> **WHAT THE TASK REQUIRES**: Restate the listing word for word; omit the images.

**** INPUT DATA ****

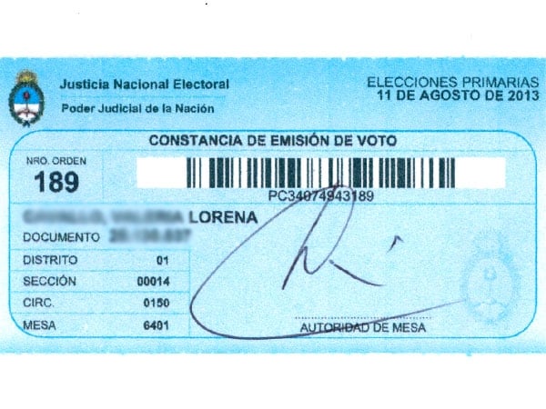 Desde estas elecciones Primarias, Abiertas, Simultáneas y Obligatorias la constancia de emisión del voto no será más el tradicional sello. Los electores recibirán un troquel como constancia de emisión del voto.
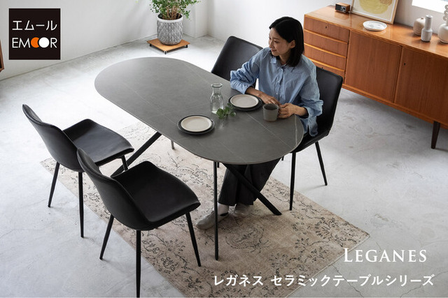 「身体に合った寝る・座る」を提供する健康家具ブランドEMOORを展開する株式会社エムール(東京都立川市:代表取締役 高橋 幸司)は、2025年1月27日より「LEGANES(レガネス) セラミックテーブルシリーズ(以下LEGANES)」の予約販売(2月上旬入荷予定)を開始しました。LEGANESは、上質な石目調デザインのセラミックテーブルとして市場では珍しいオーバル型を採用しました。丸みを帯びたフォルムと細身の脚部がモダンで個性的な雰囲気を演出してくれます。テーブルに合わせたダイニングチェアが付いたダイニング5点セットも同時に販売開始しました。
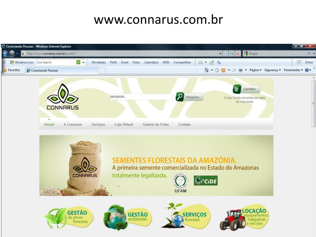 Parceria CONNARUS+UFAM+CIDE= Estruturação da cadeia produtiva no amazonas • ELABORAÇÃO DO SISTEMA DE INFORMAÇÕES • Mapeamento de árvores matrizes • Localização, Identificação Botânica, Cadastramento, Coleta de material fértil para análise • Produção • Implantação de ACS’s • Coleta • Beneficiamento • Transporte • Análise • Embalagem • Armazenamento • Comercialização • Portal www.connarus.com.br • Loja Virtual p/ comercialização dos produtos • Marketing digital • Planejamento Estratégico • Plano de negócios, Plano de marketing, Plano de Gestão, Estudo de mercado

****

> **YOUR RESPONSE**:
 Desde estas elecciones Primarias, Abiertas, Simultáneas y Obligatorias la constancia de emisión del voto no será más el tradicional sello. Los electores recibirán un troquel como constancia de emisión del voto.
 「身体に合った寝る・座る」を提供する健康家具ブランドEMOORを展開する株式会社エムール(東京都立川市:代表取締役 高橋 幸司)は、2025年1月27日より「LEGANES(レガネス) セラミックテーブルシリーズ(以下LEGANES)」の予約販売(2月上旬入荷予定)を開始しました。LEGANESは、上質な石目調デザインのセラミックテーブルとして市場では珍しいオーバル型を採用しました。丸みを帯びたフォルムと細身の脚部がモダンで個性的な雰囲気を演出してくれます。テーブルに合わせたダイニングチェアが付いたダイニング5点セットも同時に販売開始しました。
 Parceria CONNARUS+UFAM+CIDE= Estruturação da cadeia produtiva no amazonas • ELABORAÇÃO DO SISTEMA DE INFORMAÇÕES • Mapeamento de árvores matrizes • Localização, Identificação Botânica, Cadastramento, Coleta de material fértil para análise • Produção • Implantação de ACS’s • Coleta • Beneficiamento • Transporte • Análise • Embalagem • Armazenamento • Comercialização • Portal www.connarus.com.br • Loja Virtual p/ comercialização dos produtos • Marketing digital • Planejamento Estratégico • Plano de negócios, Plano de marketing, Plano de Gestão, Estudo de mercado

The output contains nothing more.